#### Input data
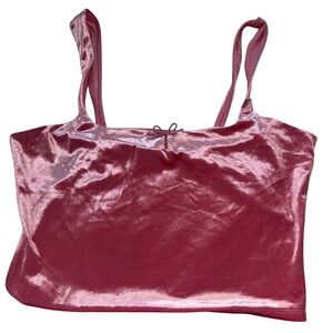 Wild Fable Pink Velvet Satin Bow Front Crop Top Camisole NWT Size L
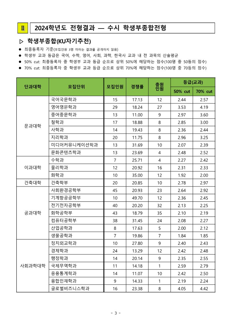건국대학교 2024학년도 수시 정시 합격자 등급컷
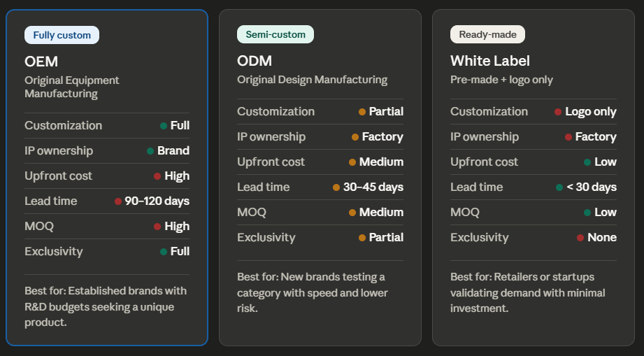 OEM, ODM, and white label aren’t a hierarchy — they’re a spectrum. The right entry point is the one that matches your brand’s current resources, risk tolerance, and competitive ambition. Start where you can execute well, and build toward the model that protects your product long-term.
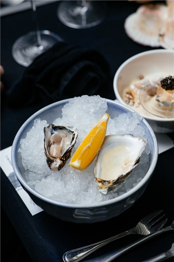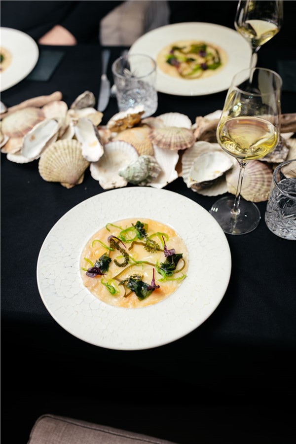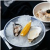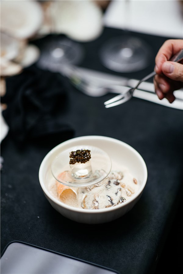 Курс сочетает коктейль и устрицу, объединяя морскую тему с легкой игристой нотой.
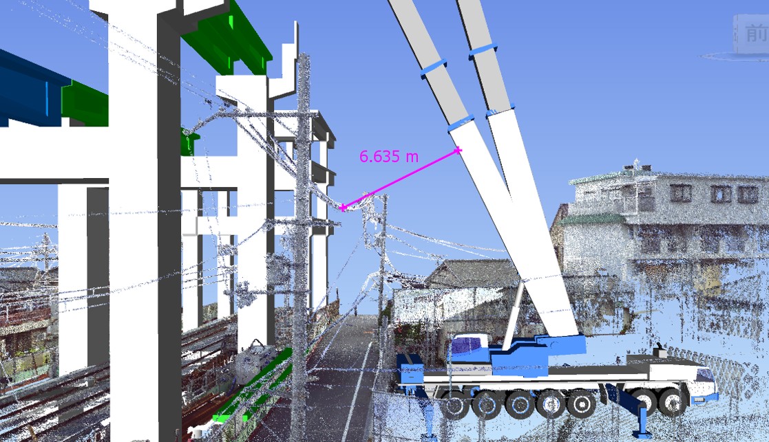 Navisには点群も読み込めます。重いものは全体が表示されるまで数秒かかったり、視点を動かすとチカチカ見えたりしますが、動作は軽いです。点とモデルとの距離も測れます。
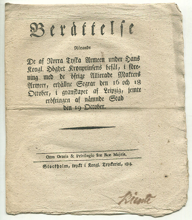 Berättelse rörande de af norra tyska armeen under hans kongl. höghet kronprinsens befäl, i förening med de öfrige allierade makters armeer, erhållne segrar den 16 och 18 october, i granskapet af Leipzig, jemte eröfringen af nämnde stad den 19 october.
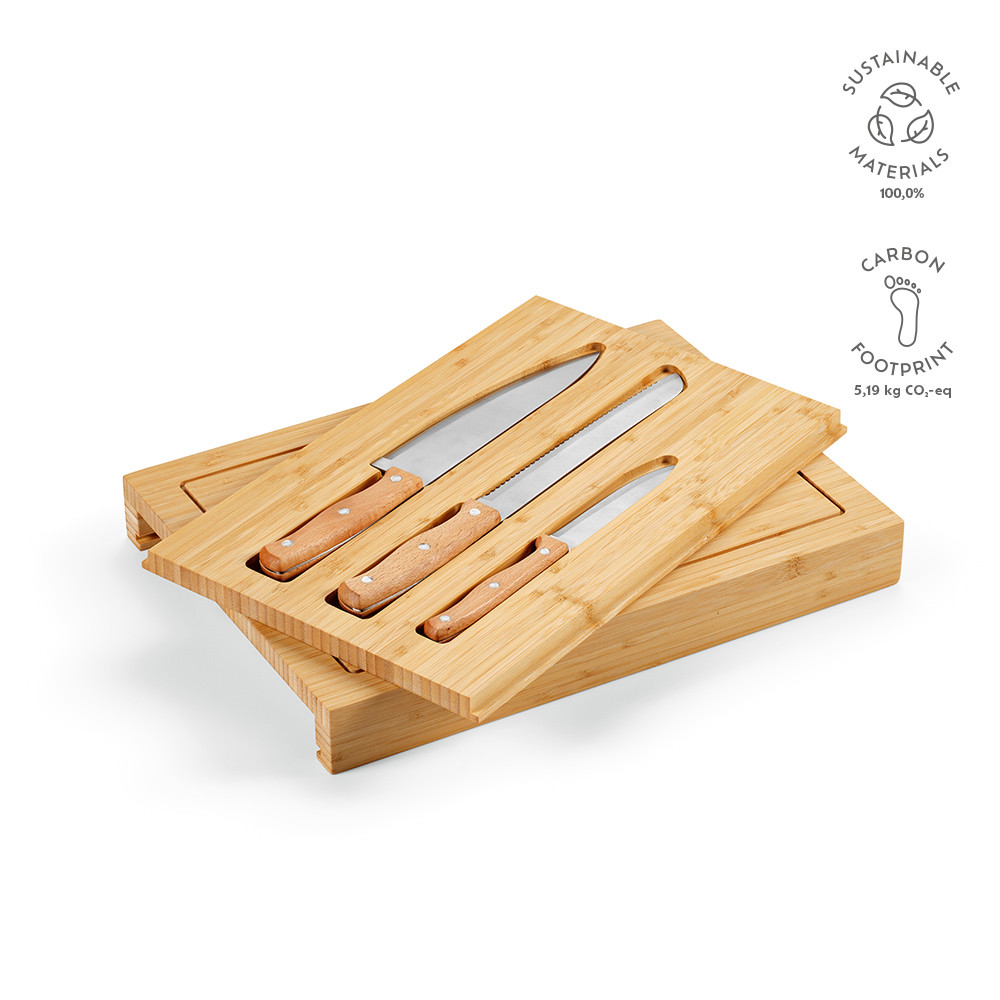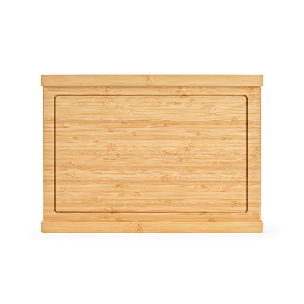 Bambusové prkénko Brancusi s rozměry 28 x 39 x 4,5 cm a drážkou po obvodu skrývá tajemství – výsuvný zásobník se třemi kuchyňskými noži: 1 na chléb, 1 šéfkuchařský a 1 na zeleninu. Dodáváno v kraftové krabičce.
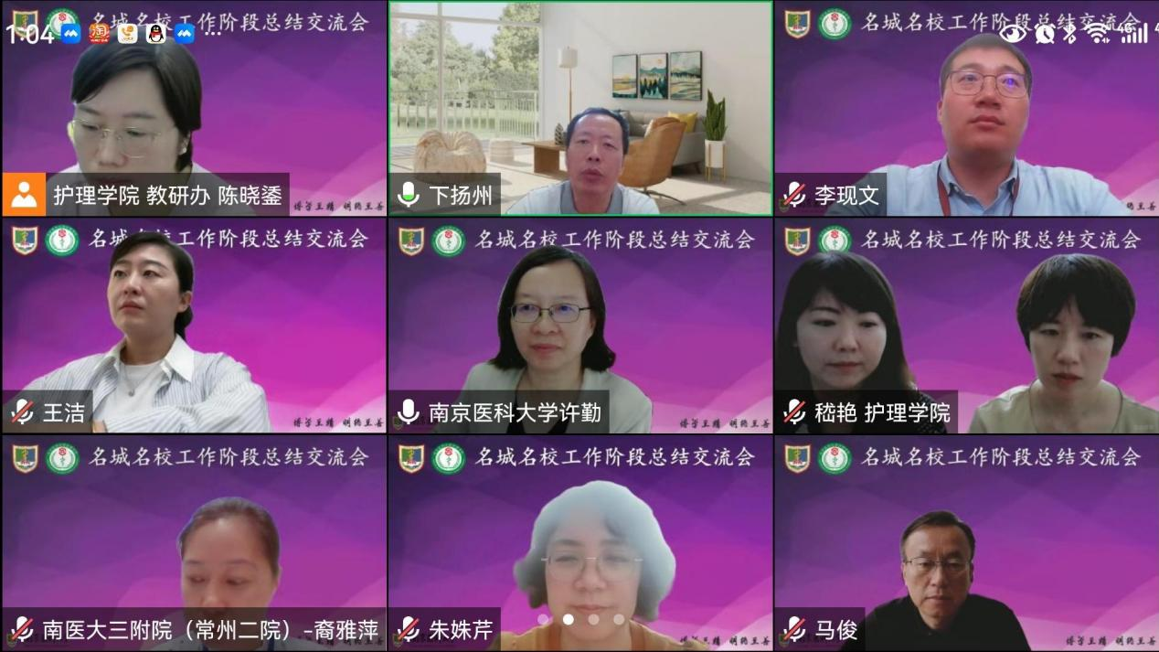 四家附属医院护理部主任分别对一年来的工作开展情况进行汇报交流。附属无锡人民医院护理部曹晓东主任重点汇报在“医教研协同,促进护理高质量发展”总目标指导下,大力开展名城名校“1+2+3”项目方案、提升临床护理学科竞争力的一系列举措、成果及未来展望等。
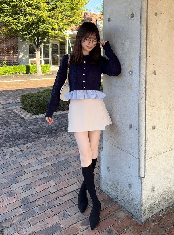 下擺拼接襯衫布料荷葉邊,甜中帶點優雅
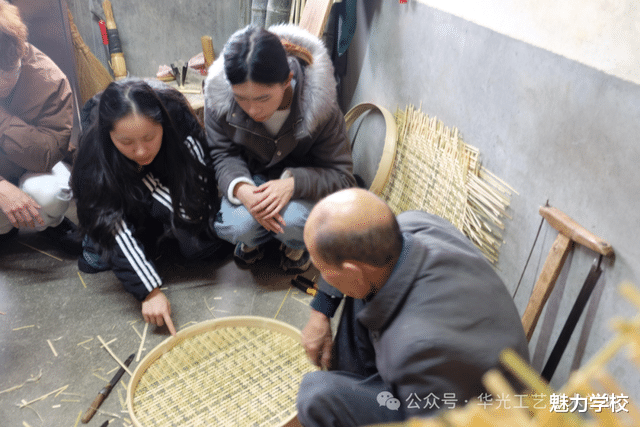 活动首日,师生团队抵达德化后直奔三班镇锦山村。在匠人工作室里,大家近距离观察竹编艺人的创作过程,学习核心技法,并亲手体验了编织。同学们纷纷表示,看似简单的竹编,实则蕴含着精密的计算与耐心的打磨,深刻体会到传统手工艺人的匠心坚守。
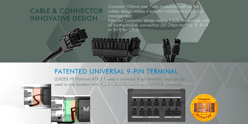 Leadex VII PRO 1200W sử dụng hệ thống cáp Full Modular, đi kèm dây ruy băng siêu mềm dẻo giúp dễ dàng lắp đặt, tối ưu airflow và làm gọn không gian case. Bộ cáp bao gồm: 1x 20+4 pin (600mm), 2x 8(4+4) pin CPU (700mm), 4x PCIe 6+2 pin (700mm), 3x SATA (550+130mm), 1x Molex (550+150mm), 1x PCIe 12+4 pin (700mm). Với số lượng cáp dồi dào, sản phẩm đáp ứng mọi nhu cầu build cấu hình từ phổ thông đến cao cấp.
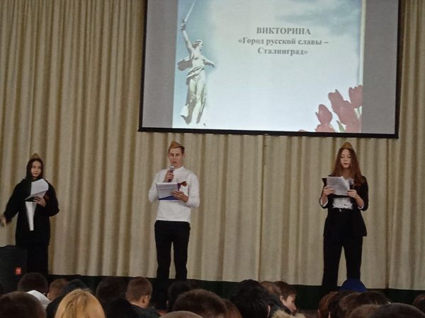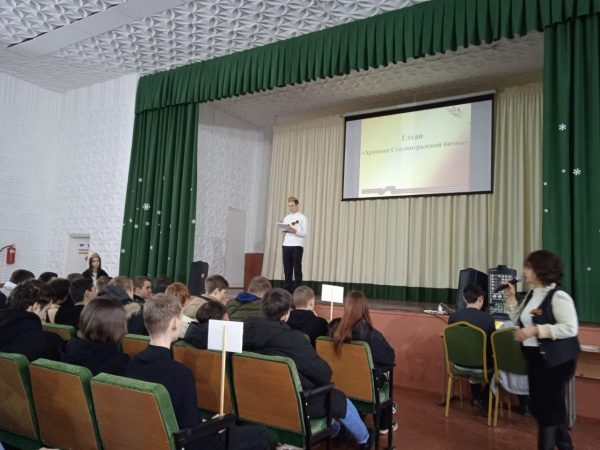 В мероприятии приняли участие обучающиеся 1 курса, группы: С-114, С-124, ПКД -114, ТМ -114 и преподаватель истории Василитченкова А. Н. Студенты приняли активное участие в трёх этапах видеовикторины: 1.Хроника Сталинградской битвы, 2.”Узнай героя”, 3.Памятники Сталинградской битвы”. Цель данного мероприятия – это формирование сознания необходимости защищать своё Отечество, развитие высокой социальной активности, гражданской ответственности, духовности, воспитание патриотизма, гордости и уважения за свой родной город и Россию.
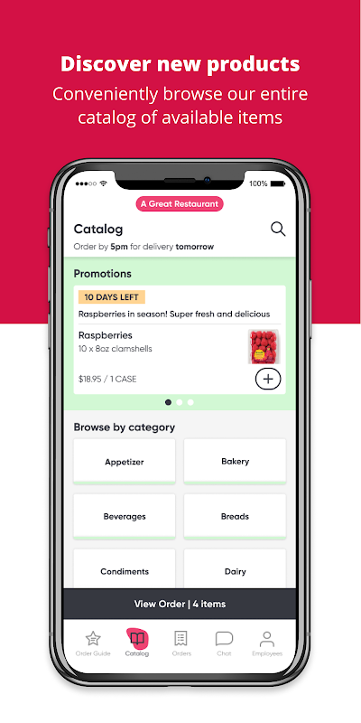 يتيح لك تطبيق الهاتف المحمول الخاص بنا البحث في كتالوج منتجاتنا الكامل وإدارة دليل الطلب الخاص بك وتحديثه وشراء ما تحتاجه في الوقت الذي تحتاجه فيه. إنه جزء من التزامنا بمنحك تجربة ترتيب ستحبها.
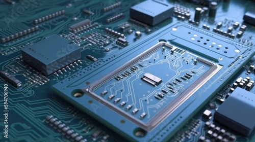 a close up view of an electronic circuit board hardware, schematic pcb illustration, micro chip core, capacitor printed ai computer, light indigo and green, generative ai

#### Work item
Without any pictures, output exactly the lines from the start of the material through the line that contains "건국대학교 2024학년도 수시 정시 합격자 등급컷", and only those.

#### Expected answer
 Wild Fable Pink Velvet Satin Bow Front Crop Top Camisole NWT Size L
건국대학교 2024학년도 수시 정시 합격자 등급컷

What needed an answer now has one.